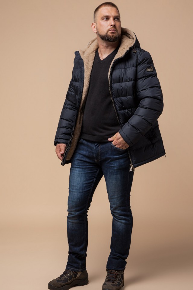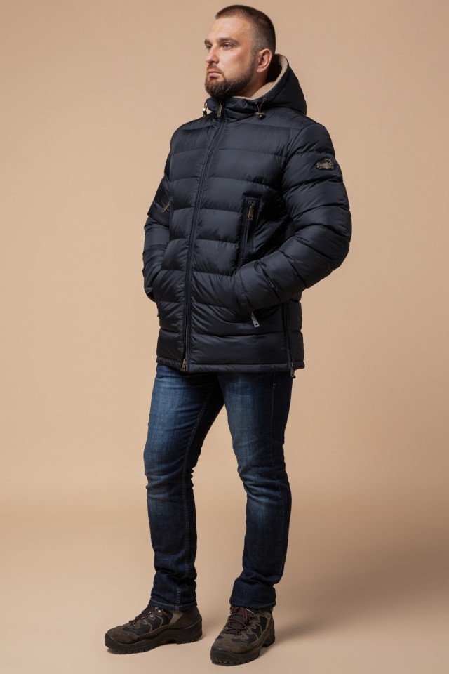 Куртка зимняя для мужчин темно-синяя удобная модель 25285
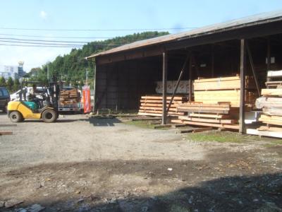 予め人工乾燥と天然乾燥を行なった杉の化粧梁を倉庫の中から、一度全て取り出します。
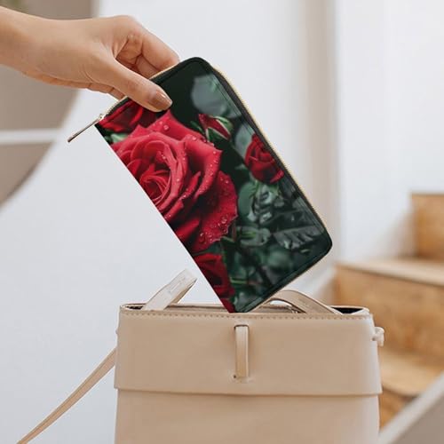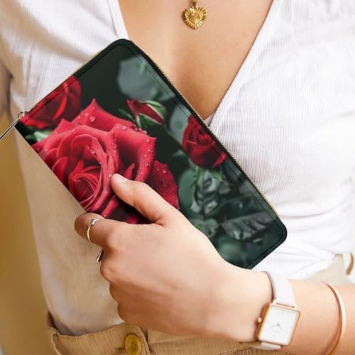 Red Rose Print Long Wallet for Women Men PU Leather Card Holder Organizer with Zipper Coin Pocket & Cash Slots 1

******

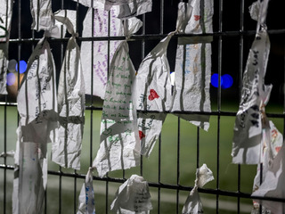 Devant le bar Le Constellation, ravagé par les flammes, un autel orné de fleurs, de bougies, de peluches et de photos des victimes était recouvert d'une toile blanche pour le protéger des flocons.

******

## To do
Write out exactly the run of lines above that starts at the line containing "Куртка зимняя для" and ends at the line containing "Red Rose Print". Include both, and leave the pictures out.

## Response to this exercise
 Куртка зимняя для мужчин темно-синяя удобная модель 25285
 予め人工乾燥と天然乾燥を行なった杉の化粧梁を倉庫の中から、一度全て取り出します。
 Red Rose Print Long Wallet for Women Men PU Leather Card Holder Organizer with Zipper Coin Pocket & Cash Slots 1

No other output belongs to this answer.